I am grateful to hear of your accomplishments, and also to hear of you as a person. In part, I am grateful because I am so lonely. I have many friends, but only a few of them know that I am so different from others inside, that I have this diagnosis. I agree, we must be so careful (especially in an area with a low population, or when in professional circles) to say anything about this aspect of who we are. The risk is so high. We had enough secrets in our childhood. It is difficult to have more, as adults.
I love your idea of an internal counselor. One of my inner teenagers think that sounds kind of cool. I had another solution, starting about ten years ago. It took a lot of courage, but we decided to call the major adult of the time "Mommie." She got adopted as mommie by many of the rest of us. She/I is a good mommie. She is not violent. She has good boundaries. She respects us, and listens. She takes care of us. It took a huge breakthrough (with a previous therapist), to see with my eyes and believe with my hearts that a mommie person can be something other than violent and enjoying inflicting pain. So it helps to have an internal mommie.
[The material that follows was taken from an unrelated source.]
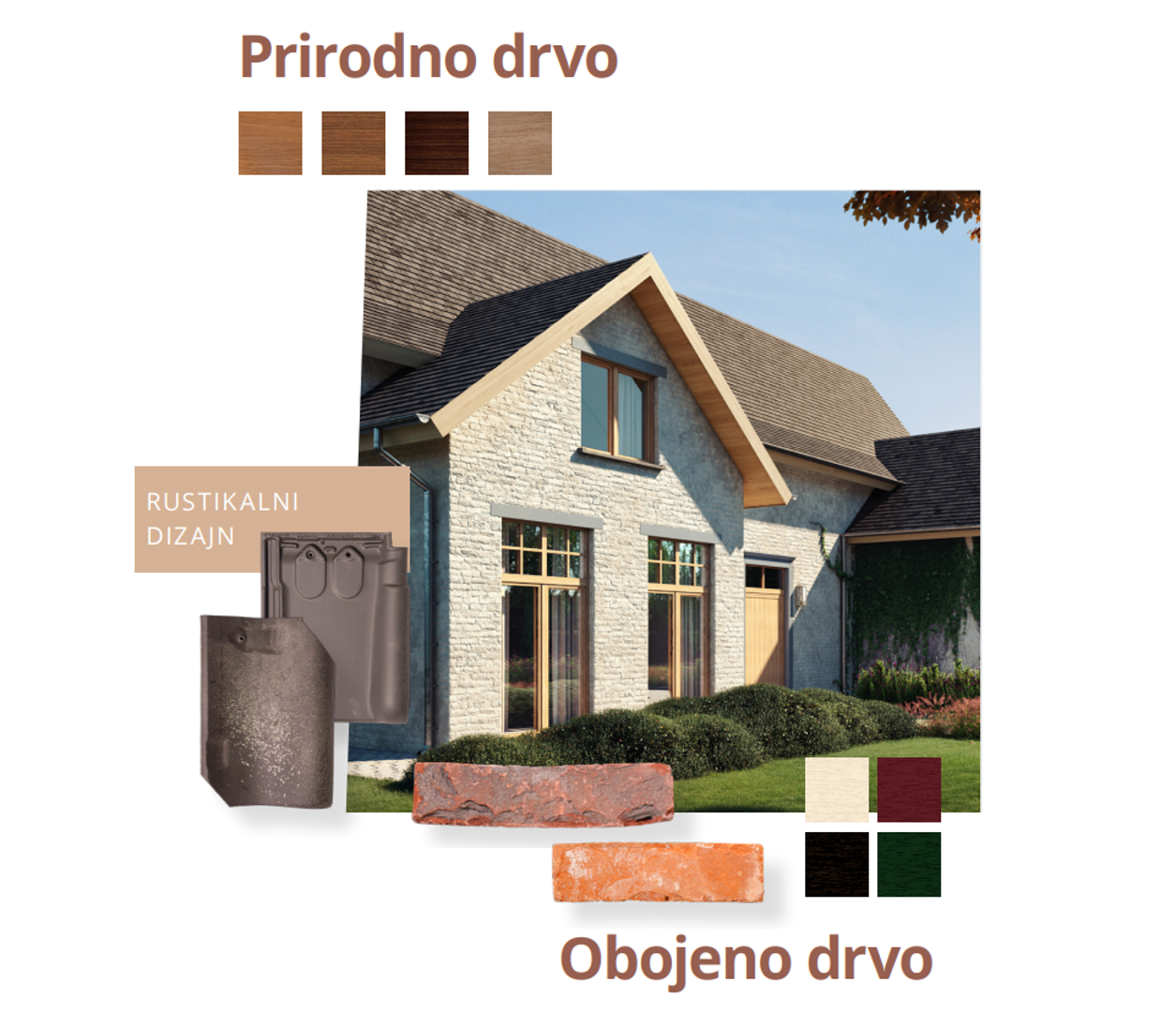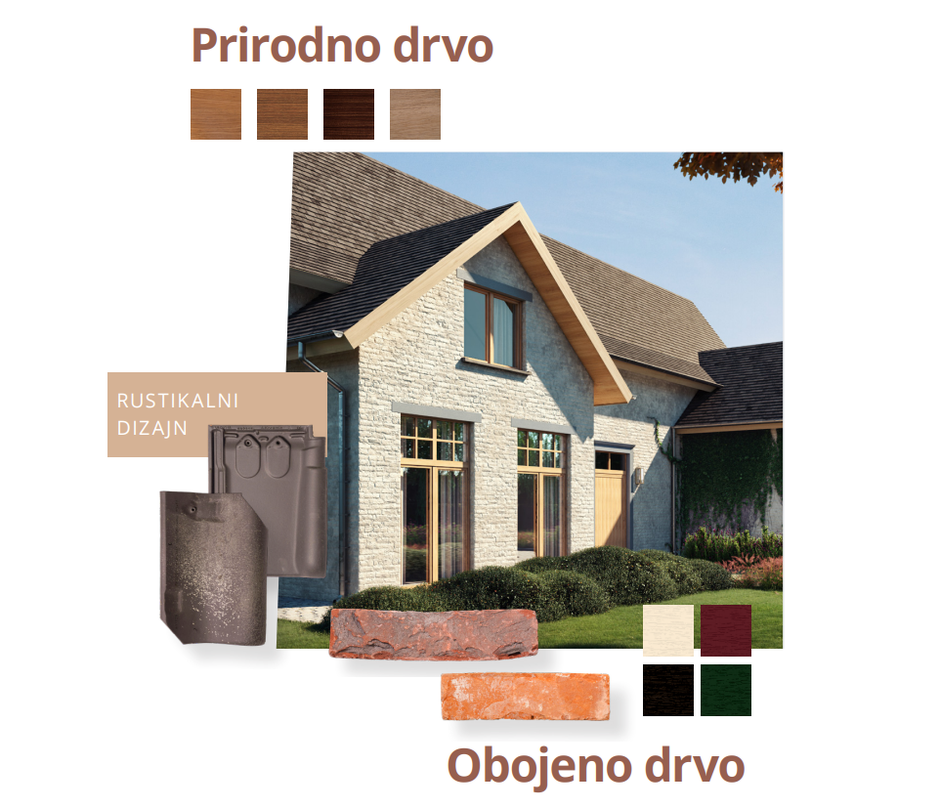 - Ruralni stil - ovdje su istaknute teksture prirodnog i obojenog drva u toplim tonovima. Savršeno se uklapaju s karakterom kuća u područjima izvan gradske vreve i uključuju prirodne boje drva za tradicionalni stil gradnje i boje obojenog drva koje predstavljaju savršenu simbiozu između tradicionalnog i modernog stila.

Recently, things have been very very rough, by my standards. Our hearts break. No hospitalization, no medications, but we are so aware (because this is the 12-step way) that it is comforting and helpful to share experience, strength and hope (and sometimes weakness and despair). That sharing provides perspective and a sense of not being alone. I do not have perspective. I truly feel alone. I do not have a friend with DID, who is not on disability, who is professionally respected, who is a steady human being, who I can turn to with questions like, "What do YOU do when you hate going to your therapist? If you have great grief about missing time (the Rip Van Winkle phenomenon), how do you manage your grief? Tell me your horrors, and, also, how do you survive positively?" It would make such a difference to be able to hear some of this from others. I have been suicidal recently. I keep positively reframing these feelings, but they are still there--a lot of loss.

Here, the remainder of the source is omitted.